Near-Optimal Sample Complexity Bounds for Maximum Likelihood Estimation of Multivariate Log-concave Densities
This work addresses a fundamental statistical estimation problem for researchers in machine learning and statistics, providing rigorous sample complexity bounds for a widely used estimator in high-dimensional density estimation.
The paper tackles the problem of learning multivariate log-concave densities by providing the first finite sample upper bound on the sample complexity of the maximum likelihood estimator for dimensions d ≥ 4, showing it requires Õ_d((1/ε)^{(d+3)/2}) samples to achieve ε-close accuracy in squared Hellinger loss, which is near-optimal up to an Õ(1/ε) factor compared to a known lower bound of Ω_d((1/ε)^{(d+1)/2}).

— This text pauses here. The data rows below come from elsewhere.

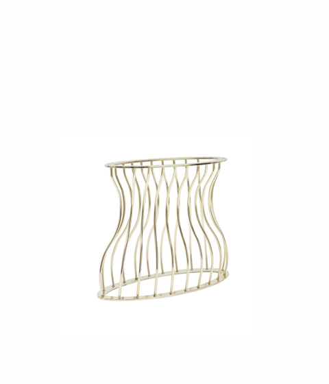 Messinkinen kehikkomaisesti muotoiltu pöydänjalka.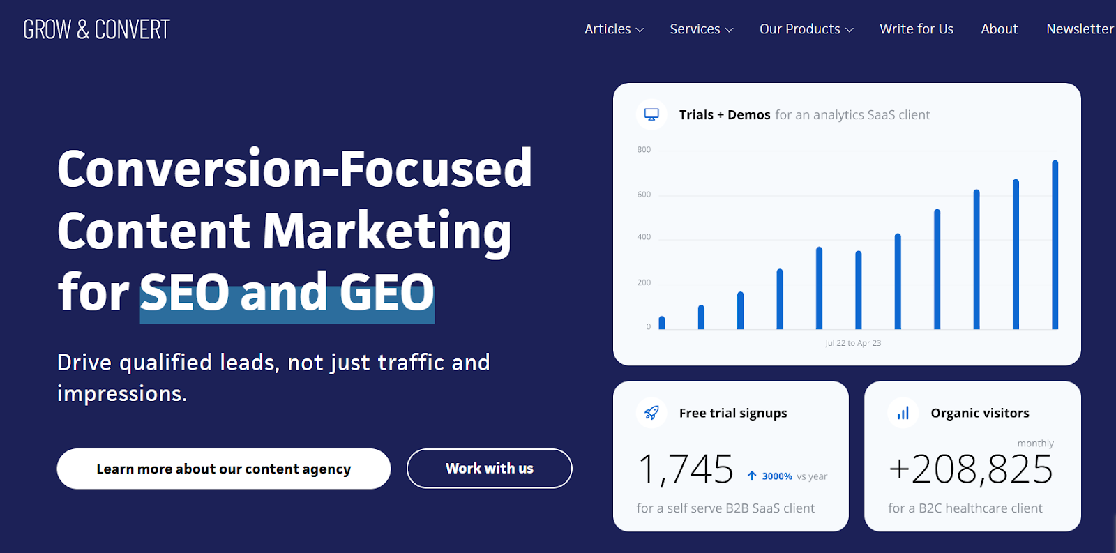 Grow and Convert: Best for B2B SaaS brands that care more about conversions than traffic volume and want bottom-of-funnel content built around their "Pain Point SEO" methodology.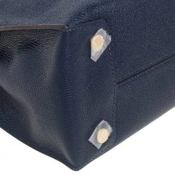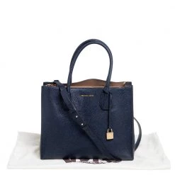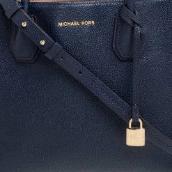 Featuring a chic and fabulous style, this Michael Kors tote is a modern choice. Crafted from grained leather in a stunning navy blue, the tote features dual handles, a shoulder strap, and a padlock charm. It opens to a leather-fabric interior divided by a zipped compartment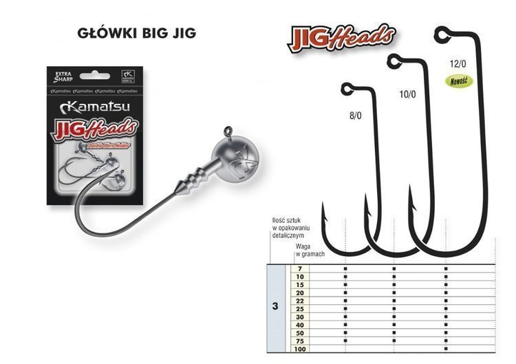 GŁÓWKA JIGOWA BIG JIG 8/0-40g OP.3SZT KAMATSU 460080040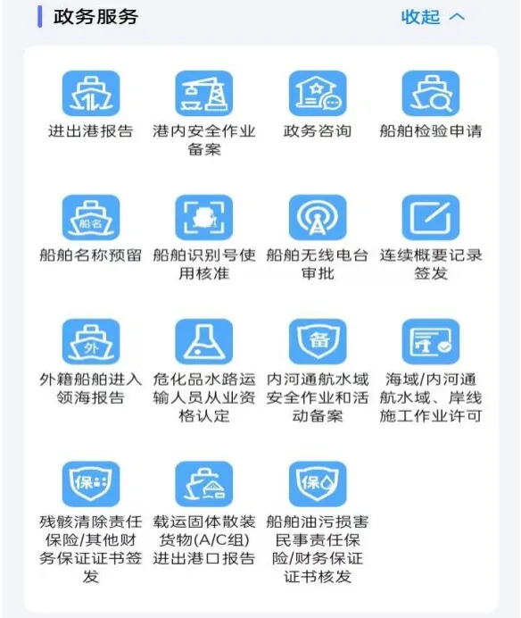 提供进出港报告、港内安全作业备案、政务咨询、船舶检验申请、船舶名称预留等事项的线上办理服务。
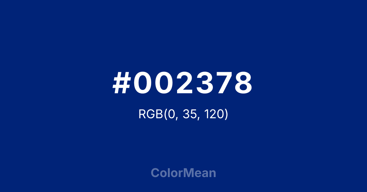 #002378 RGB value is (0, 35, 120). The hex color red value is 0, green is 35, and blue is 120. Its HSL format shows a hue of 223°, saturation of 100 percent, and lightness of 24 percent. The CMYK process values are 100 percent, 71 percent, 0 percent, 53 percent.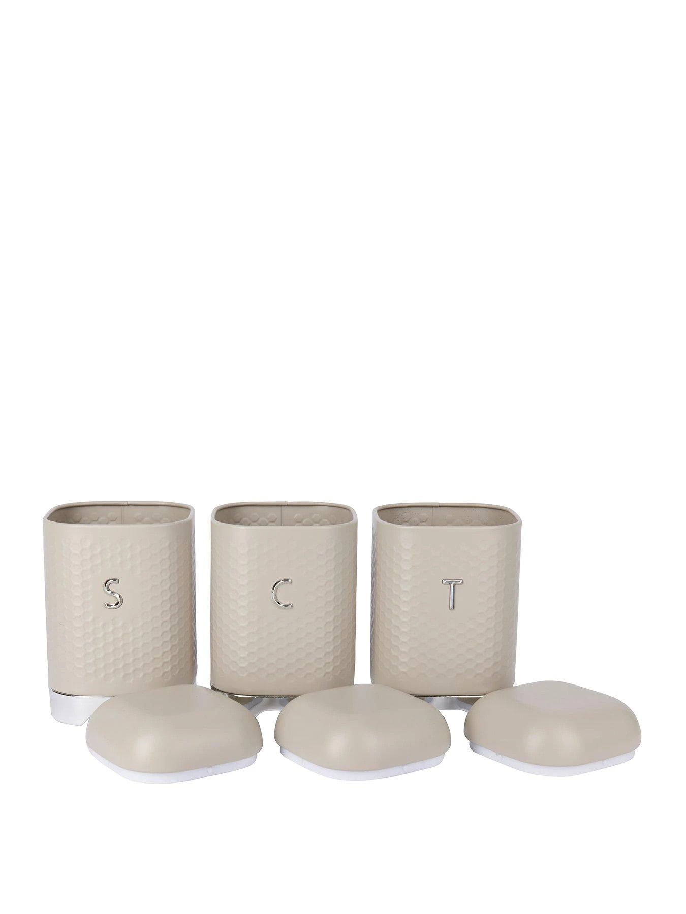 KitchenCraft Lovello Tea, Coffee and Sugar Storage Canisters in Latte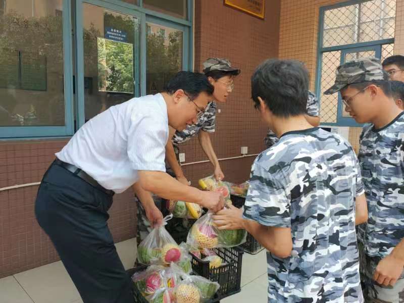 尽管烈日炎炎、军训辛苦,但是水果发放秩序井然,现场氛围温馨融洽。学院领导深入学生宿舍慰问军训学子,使同学们在高强度的训练外感受到学院领导对自己的关爱、呵护与重视,同学们都备受鼓舞,脸上洋溢着幸福的笑容,纷纷表示感谢学院和领导的悉心关怀,并表示接下来会以更加饱满的热情、更加挺拔的姿态积极投入到后期的军事训练中,争取在合唱比赛和军训汇报演出中展现出公管学子的独特风采!预祝2021级同学们在本届军训中取得优异成绩,圆满完成任务。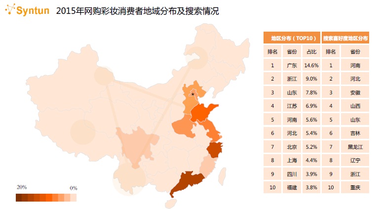 同時(shí),谷熠提出了一個(gè)有意思的現(xiàn)象!昂幽舷M(fèi)者在網(wǎng)購彩妝搜索喜好排名第一,而實(shí)際購買排名卻處于第五名。這說明河南消費(fèi)者在搜索流量與下單中間存在落差,這也說明河南市場(chǎng)存在機(jī)會(huì)!

We study the problem of learning multivariate log-concave densities with respect to a global loss function. We obtain the first upper bound on the sample complexity of the maximum likelihood estimator (MLE) for a log-concave density on $\mathbb{R}^d$, for all $d \geq 4$. Prior to this work, no finite sample upper bound was known for this estimator in more than $3$ dimensions. In more detail, we prove that for any $d \geq 1$ and $ε>0$, given $\tilde{O}_d((1/ε)^{(d+3)/2})$ samples drawn from an unknown log-concave density $f_0$ on $\mathbb{R}^d$, the MLE outputs a hypothesis $h$ that with high probability is $ε$-close to $f_0$, in squared Hellinger loss. A sample complexity lower bound of $Ω_d((1/ε)^{(d+1)/2})$ was previously known for any learning algorithm that achieves this guarantee. We thus establish that the sample complexity of the log-concave MLE is near-optimal, up to an $\tilde{O}(1/ε)$ factor.